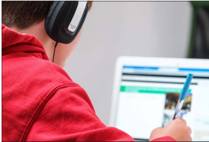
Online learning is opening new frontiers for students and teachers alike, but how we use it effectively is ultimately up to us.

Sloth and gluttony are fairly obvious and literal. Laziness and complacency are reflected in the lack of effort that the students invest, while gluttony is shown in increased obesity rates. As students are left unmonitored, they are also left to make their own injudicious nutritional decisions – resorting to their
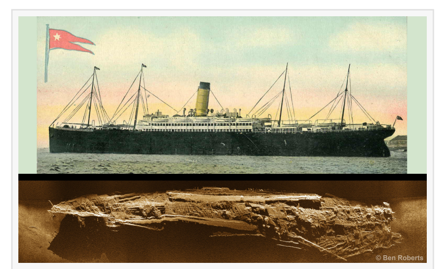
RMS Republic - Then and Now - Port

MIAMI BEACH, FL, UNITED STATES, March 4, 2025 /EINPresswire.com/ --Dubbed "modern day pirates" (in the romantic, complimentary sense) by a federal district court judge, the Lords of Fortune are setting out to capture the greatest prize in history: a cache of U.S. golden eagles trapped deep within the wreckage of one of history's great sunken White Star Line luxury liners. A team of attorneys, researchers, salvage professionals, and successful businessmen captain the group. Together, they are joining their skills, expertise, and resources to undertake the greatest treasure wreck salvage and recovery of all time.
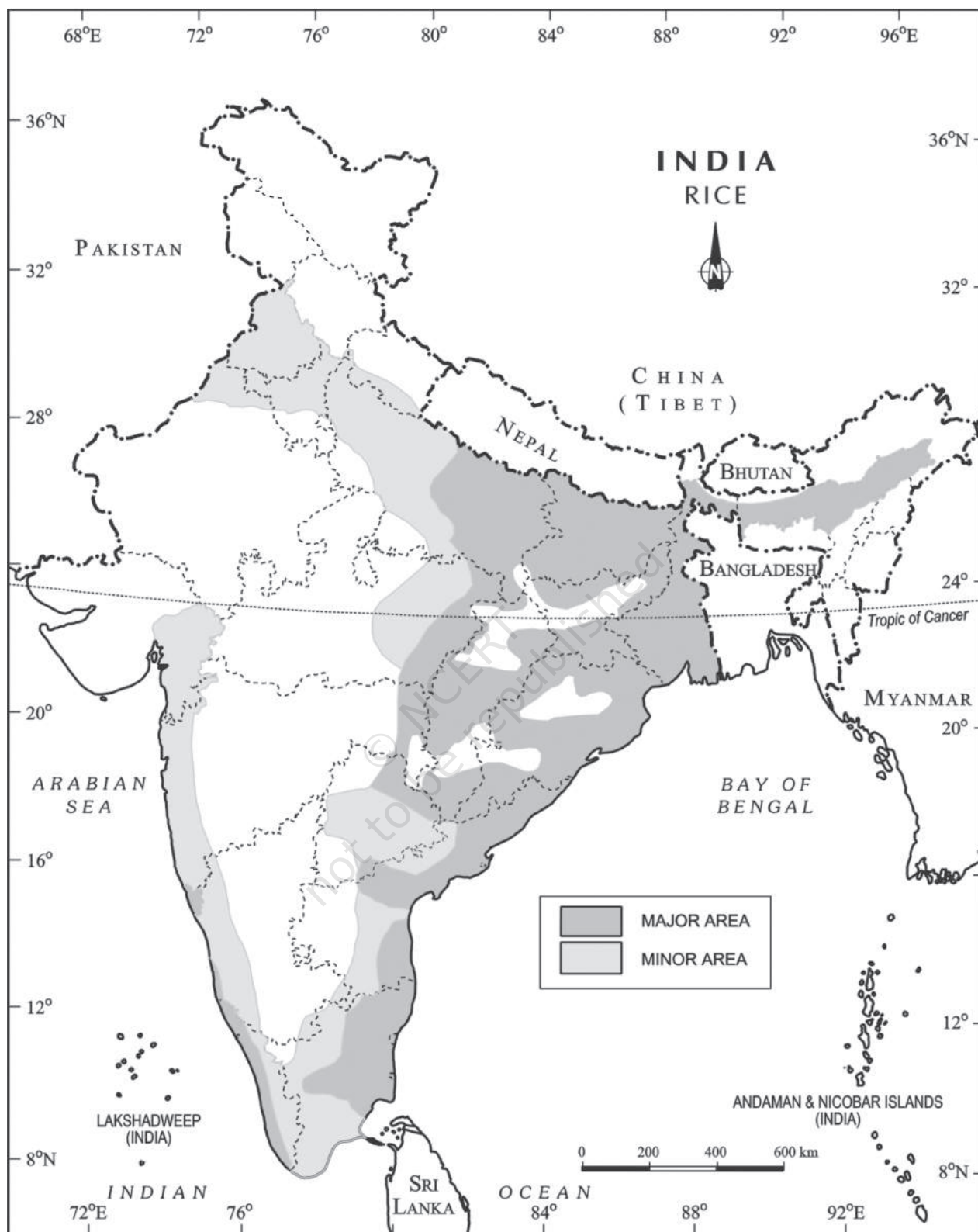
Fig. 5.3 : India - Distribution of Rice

--

Take the lines from the one holding "MIAMI BEACH, FL, UNITED" through the last line of the data above and copy them exactly, both ends included, omitting all pictures.

▶ _Exercise solution_:
MIAMI BEACH, FL, UNITED STATES, March 4, 2025 /EINPresswire.com/ --Dubbed "modern day pirates" (in the romantic, complimentary sense) by a federal district court judge, the Lords of Fortune are setting out to capture the greatest prize in history: a cache of U.S. golden eagles trapped deep within the wreckage of one of history's great sunken White Star Line luxury liners. A team of attorneys, researchers, salvage professionals, and successful businessmen captain the group. Together, they are joining their skills, expertise, and resources to undertake the greatest treasure wreck salvage and recovery of all time.
Fig. 5.3 : India - Distribution of Rice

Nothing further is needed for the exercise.